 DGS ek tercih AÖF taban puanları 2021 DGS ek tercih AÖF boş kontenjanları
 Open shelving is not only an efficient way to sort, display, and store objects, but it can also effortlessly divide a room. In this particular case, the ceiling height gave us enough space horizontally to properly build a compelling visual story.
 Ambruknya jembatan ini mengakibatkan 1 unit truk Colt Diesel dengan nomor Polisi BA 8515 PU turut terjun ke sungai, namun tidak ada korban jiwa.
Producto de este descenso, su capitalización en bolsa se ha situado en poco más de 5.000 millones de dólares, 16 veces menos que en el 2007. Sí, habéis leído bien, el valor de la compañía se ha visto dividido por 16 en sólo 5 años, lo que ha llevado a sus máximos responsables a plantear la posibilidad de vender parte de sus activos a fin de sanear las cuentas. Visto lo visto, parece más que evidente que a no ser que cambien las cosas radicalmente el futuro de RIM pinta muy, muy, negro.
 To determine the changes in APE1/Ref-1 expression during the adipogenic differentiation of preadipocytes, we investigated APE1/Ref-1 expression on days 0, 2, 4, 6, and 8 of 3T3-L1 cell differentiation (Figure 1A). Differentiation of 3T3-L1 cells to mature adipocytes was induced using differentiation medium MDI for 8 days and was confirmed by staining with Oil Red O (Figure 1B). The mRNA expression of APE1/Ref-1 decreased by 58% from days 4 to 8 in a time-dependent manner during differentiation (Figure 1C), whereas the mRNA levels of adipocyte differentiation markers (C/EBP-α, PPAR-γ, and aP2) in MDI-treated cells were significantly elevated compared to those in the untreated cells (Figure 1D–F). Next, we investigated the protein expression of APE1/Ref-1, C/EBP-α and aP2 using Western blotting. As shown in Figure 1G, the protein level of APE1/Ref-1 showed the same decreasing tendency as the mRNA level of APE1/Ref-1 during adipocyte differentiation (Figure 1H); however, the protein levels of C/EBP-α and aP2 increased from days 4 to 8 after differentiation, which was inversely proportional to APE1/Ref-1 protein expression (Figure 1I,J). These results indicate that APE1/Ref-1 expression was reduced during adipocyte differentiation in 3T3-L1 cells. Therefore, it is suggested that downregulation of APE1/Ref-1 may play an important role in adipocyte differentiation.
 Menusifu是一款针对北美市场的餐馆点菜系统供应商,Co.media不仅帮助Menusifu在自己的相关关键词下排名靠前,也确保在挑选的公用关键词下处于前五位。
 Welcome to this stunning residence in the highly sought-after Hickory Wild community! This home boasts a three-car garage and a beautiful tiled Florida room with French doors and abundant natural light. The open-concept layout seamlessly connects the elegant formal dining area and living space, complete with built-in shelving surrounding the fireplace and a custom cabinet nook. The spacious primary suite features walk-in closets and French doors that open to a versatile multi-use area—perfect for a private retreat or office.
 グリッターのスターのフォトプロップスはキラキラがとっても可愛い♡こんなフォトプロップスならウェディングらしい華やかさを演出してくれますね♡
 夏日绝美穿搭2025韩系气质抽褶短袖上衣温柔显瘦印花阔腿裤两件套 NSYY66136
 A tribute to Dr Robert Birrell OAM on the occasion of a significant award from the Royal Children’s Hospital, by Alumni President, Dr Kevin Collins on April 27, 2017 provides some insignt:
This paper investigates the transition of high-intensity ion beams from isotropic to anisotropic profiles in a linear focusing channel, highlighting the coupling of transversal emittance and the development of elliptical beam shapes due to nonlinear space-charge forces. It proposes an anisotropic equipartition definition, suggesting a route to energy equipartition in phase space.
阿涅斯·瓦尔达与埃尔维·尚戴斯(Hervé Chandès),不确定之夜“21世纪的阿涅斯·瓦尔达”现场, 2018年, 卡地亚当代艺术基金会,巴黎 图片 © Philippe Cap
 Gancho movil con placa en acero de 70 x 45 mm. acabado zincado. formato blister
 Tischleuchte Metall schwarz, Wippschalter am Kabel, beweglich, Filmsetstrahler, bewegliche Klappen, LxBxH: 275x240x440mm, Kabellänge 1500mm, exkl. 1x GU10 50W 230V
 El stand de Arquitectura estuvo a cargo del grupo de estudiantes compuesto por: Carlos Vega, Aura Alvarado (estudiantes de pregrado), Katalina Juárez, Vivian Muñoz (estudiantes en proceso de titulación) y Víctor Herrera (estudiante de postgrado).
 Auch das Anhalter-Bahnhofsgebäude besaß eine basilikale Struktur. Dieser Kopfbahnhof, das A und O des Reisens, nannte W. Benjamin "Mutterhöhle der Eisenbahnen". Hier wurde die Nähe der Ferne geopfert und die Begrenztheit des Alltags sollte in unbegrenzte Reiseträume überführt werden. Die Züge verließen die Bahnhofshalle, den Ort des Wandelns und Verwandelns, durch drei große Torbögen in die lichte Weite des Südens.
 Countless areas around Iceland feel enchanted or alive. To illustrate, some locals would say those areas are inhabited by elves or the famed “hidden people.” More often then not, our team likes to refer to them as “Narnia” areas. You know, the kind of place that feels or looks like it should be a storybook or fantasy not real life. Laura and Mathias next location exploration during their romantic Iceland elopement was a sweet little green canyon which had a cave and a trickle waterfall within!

DIRECTIONS FOR THIS TASK:
In the listing above, find the line with "Gancho movil con" and the line with "Tischleuchte Metall schwarz, Wippschalter"; output exactly those lines and all lines between them.

REPLY TO THE TASK:
 Gancho movil con placa en acero de 70 x 45 mm. acabado zincado. formato blister
 Tischleuchte Metall schwarz, Wippschalter am Kabel, beweglich, Filmsetstrahler, bewegliche Klappen, LxBxH: 275x240x440mm, Kabellänge 1500mm, exkl. 1x GU10 50W 230V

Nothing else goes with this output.